Life events, including maternal care, stress adaptability, and early hardship, may leave genetic imprints throughout the earliest phases of development. This may affect whether and how our genes release the data that will support the development of our future resilience, abilities, and capacity for health.
The chemistry of our genes and environment impacts our health and well-being, and this is what epigenetics are all about. A rapidly expanding field of study transforms our knowledge of how nature influences nurture.
Adenine, guanine, cytosine, and thymine are the four bases that makeup DNA; each base may have a distinct methylation pattern. These methylation patterns are established throughout the development of the human genome and may have little impact on an individual’s epigenome.

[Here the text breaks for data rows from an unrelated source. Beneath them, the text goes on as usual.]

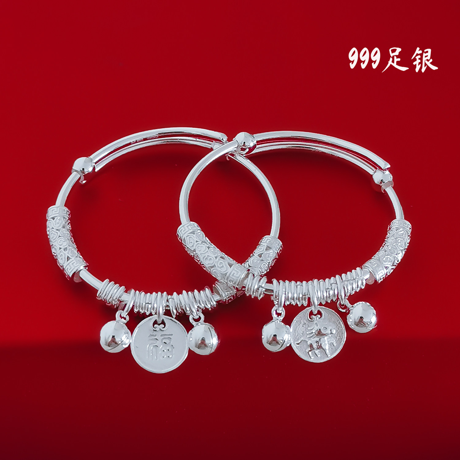 足银999手镯纯银生肖龙蛇马宝宝婴儿周岁满月新生儿铃铛脚镯送礼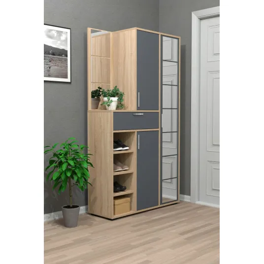 Цвет изделия : Сономо-антрацит Высота:182 см Ширина 101 см Глубина 35 см Наш продукт имеет отделение для хранения с 3 дверцами -1 ящиком и модернизирован для сегодняшнего дня с внутренней вешалкой для одежды. Наш продукт изготовлен в соответствии с европейскими стандартами качества E1, с использованием материалов, отвечающих требованиям экологии и здоровья детей. В нашем изделии используется ДСП толщиной 18 мм 1 класса с меламиновым покрытием. Кромочные ленты нашего изделия изготовлены с использованием ленты ПВХ 0,40 мм. Наш товар отправляется вам в разобранном виде в специальных картонных коробках. Наша продукция поставляется в разобранном виде с бесплатной доставкой. Монтаж осуществляется за счет покупателя. Собранные изделия возврату не подлежат. После получения изделия, если есть поврежденные детали, необходимо указать номер, написанный на детали, если есть недостающие детали, если вы определите номер недостающей детали по схеме установки и отправите ее нашему представителю, поврежденные / недостающие детали будут высланы вам бесплатно.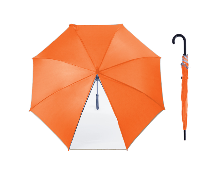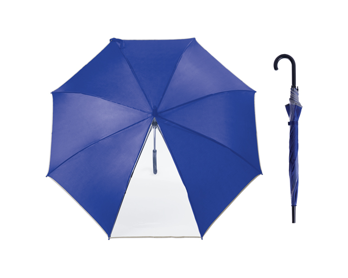 Paraguas antiviento con botón de apertura automático, varillas de fibra de vidrio y eje de metal, mango de plástico, gajo transparente de PVC que permite tener una mejor visión ante la lluvia y orilla reflejante. 8 gajos.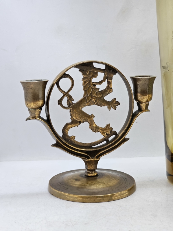 #1708 Sulo Tommola Kumela -maljakko Suomi-leijonalla & messinkinen kynttilänjalka
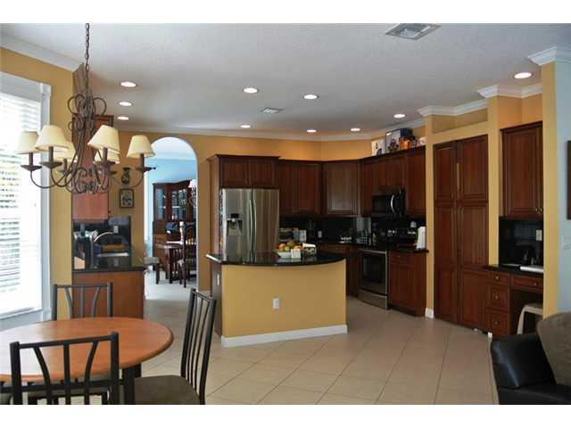 Immaculate Sienna Model with 5 bedrooms and three baths. Elegant spiral staircase leading to the large bedrooms. Tiles through out first floor. Kitchen upgraded with granite counters, stainless steal appliances, and 42" wood cabinets. French Doors lead ing to pavered backyard patio w/ plenty room for pool. Master bedroom has a sitting area and very large closet. One bedroom and bath downstairs.
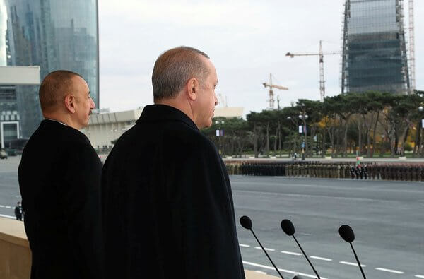 30 seneden sonra Dağlık Karabağ ve Azerbaycan halkını buluşturan kutlu savaş neferlerini tebrik eder, onları cepheye yollayan analarının ellerinden öperim. Böylesine önemli bir günde Azerbaycan'da olmaktan çok büyük bir gurur ve onur duyuyorum. Azerbaycan Cumhurbaşkanı Sayın İlham Aliyev kardeşime bu nazik davetinden ötürü teşekkür ediyorum. Şehit düşen aziz askerlere rahmet, gazilerimize de acil şifalar dilerim.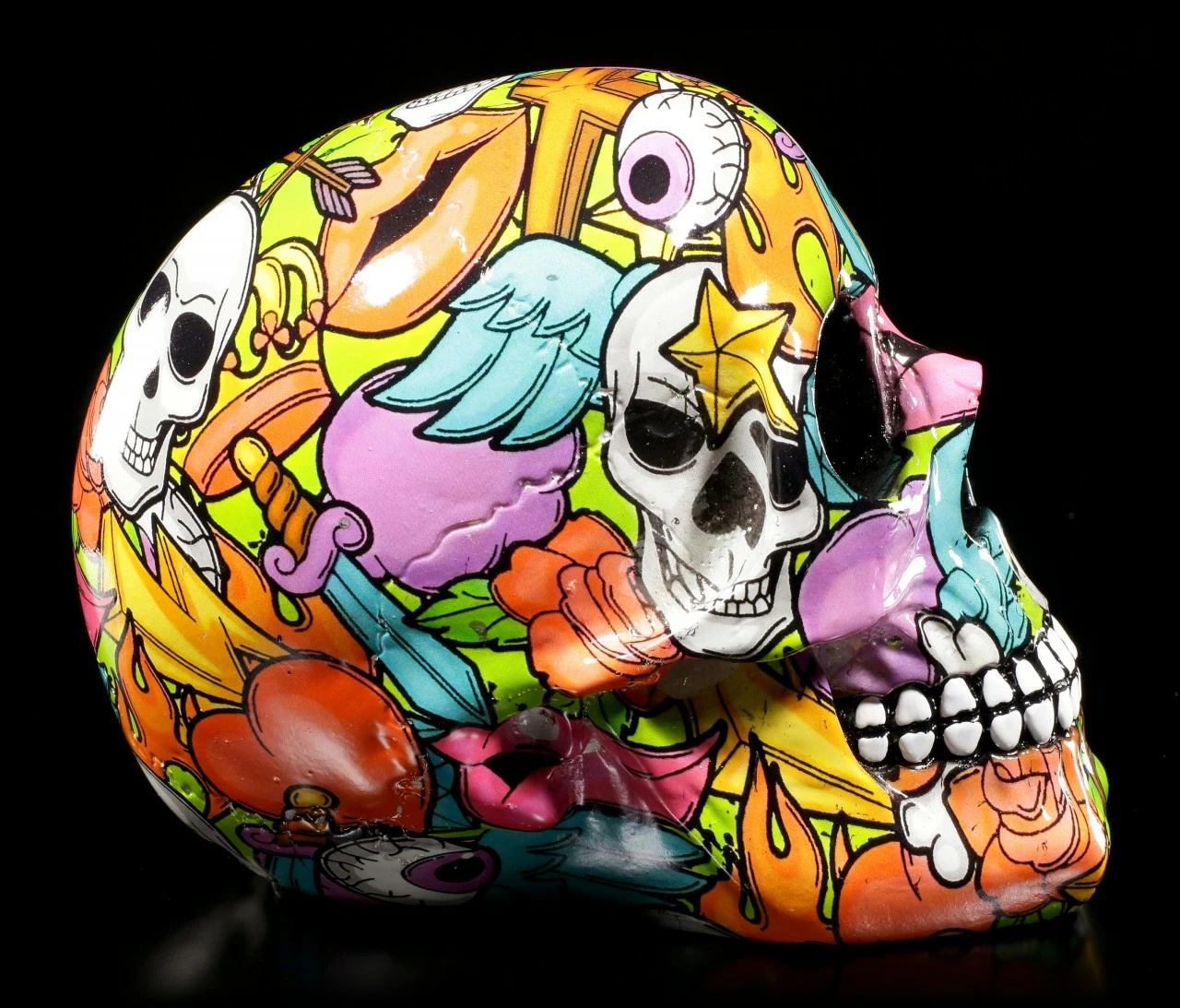 Calypso, der bunt bedruckte Totenschädel im Comic Stil sieht aus wie tätowiert. Egal wie man ihn dreht und wendet, man findet immer etwas Neues, was man vorher noch nicht gesehen hat.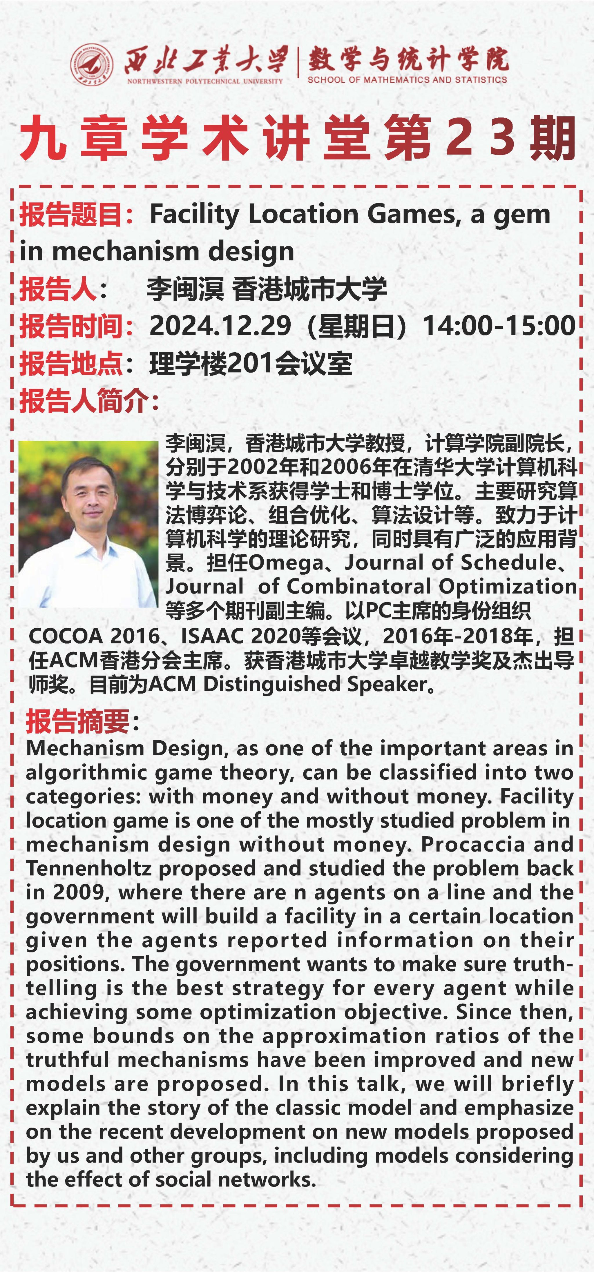 【九章学术讲堂第23期】Facility Location Games a gem in mechanism design
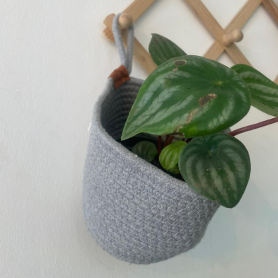 Canasto organizador tejido, práctico y decorativo, ideal para sumar orden a cualquier espacio del hogar. Su diseño moderno en color gris y su asa colgante permiten colocarlo en paredes, ganchos, estantes o dentro de muebles, aprovechando mejor el espacio.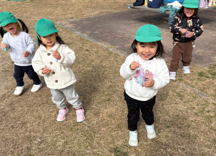 公園では、みんなの好きなシャボン玉🫧をしました。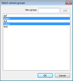 Puede escribir un nuevo nombre de grupo y pulsar Añadir (Add), o seleccionar uno o más grupos de la lista. Los nombres de grupo se usan para el control de acceso del Servidor Web (Web server) y para permitirle a Ud. configurar el sensor de movimiento (motion sensor) para disparar las cámaras en grupos.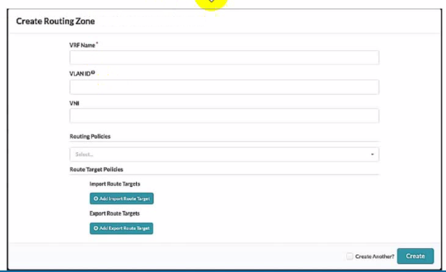 To create a new routing zone, you must specify the VRF Name, VLAN ID, and VNI for the routing zone. These are the mandatory fields in the user interface shown in the exhibit. The VRF Name is the name of the L3 domain that isolates the IP traffic of the routing zone from other routing zones. The VLAN ID is the identifier for the VLAN tagged Layer 3 links on external connections. The VNI is the VxLAN Network Identifier associated with the routing zone. The Routing Policies are optional fields that allow you to configure import and export route targets for the routing zone. These are only applicable for EVPN routing zones, which use MP-EBGP as the overlay control protocol. The other options are incorrect because: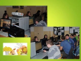 The document discusses a videoconference call held on Easter between Nové Mesto n.V. and Toruń where participants prepared a table setting and communicated using Twinspace before saying goodbye.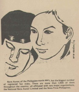 | Nora Aunor, of the Philippine movie stars, has the biggest number of registered fan clubs. There are more than 1,000 of them throughout the country, all affiliated with two major organizations, the National Nora Aunor Limited and the Nora - Tirso Philippines. | ||||||||||||||||||||||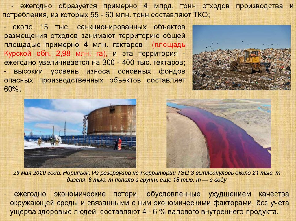 - свыше 30 млрд. тонн отходов производства и потребления накоплено в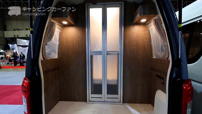多目的ルームありのレイアウトでは、最後部にドアで仕切られた完全な個室が設置される。ラップ式トイレやポータブルトイレを置いて、トイレルームとすることも可能。雨の日や寒い夜に車外に出る必要がなくなる。
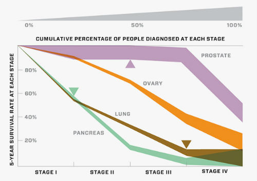 從圖2可以看出,許多癌癥的存活率是相似的,秘訣就是在癌癥的早期診斷出來。早期發現的話,大多數接受低風險手術的患者的生存率接近90%;但是在癌癥晚期發現的話(III期或IV期),治療方案只能選擇毒副作用極強的放療、化療等,存活率會隨之急劇下降。現在看來,第一段中提出的問題答案已經很明顯了。戰爭癌癥真正的途徑是做好早期檢測,選擇針對癌癥激活途徑的靶向性治療方案。

Then, genes are switched on or off based on these methylation patterns. The term for this is epigenetic regulation.
Because they aid in imprinting specific genes on our chromosomes — the process by which we get genetic information from our parents — the methylation patterns of genes play a crucial role throughout development.
Long non-coding RNAs, DNA methylation, and histone modification are all combined to accomplish this. Repressing the expression of intergenic regions and possibly damaging elements inside these intergenic regions is another vital function of DNA methylation.
Other methylation functions include:
- The inactivation of the X chromosome.
- The regulation of tissue-specific gene expression.
- The silencing of retroviral sequences.
- Genomic imprinting.
Additionally, it may be a significant factor in conditions like cancer.
Histone modifications are a class of posttranslational alterations that affect the stability of the genome, gene transcription, and chromatin architecture. Acetylation, methylation, phosphorylation, and ubiquitination are among the most frequent changes.
These PTMs are added to or subtracted from the amino acid residues of histone proteins and other biological components by various histone-modifying enzymes. These reversible modifications have an impact on the chromatin structure and gene activation.
For instance, depending on the amino acid residues acetylated and the level of acetylation present, histone acetylation may either enhance or reduce DNA accessibility for transcriptional machinery and cause gene activation or repression.
Histone methylation modifies gene expression by adding or removing a methyl group from lysine or arginine residues. It has been related to the activation or repression of several biological processes, including cell development, stress response, and aging. It can activate or repress genes.
An essential epigenetic process that influences gene expression is RNA modification. However, how these changes impact other epigenetic systems and how they control the genetic code is unclear.
More than 130 distinct RNA modifications have been found and mapped to the single nucleotide level. These maps are handy, but our knowledge of how they work biologically lags.
The adenosine m6A modification, located in the 5' untranslated region, is one of the most prevalent RNA modifications (UTR). It is crucial for ribosome and translation structure.
The translation of m6A modification into a functional signaling event requires specific “reader” proteins, such as DNA and histone methylation. Eukaryotic initiation factor 3 and the YT521-B homology domain-containing protein family (YTHDF1 and YTHDF2) are examples of known m6A readers (eIF3).
Turning genes on or off are known as gene expression (the genes that make proteins). Cells are created in this manner.
This is accomplished in prokaryotic organisms using transcription and RNA polymerase. It is far more complex in eukaryotic cells, however.
Transcription and the production of mRNA are regulated at many points. Different sets of proteins must be attached to cis-regulatory DNA regions to regulate each step.
Frequently, these regulatory proteins are also in charge of the epigenetic markers’ DNA methylation and histone modification.
In addition, a variety of long non-coding RNAs may alter the expression of genes, which in turn affects how active they are. For instance, DNA methylation, long non-coding RNAs termed Xist and TSix, and histone modification all regulate X-chromosome inactivation. These RNAs are inheritable and may be transferred from one generation to the next.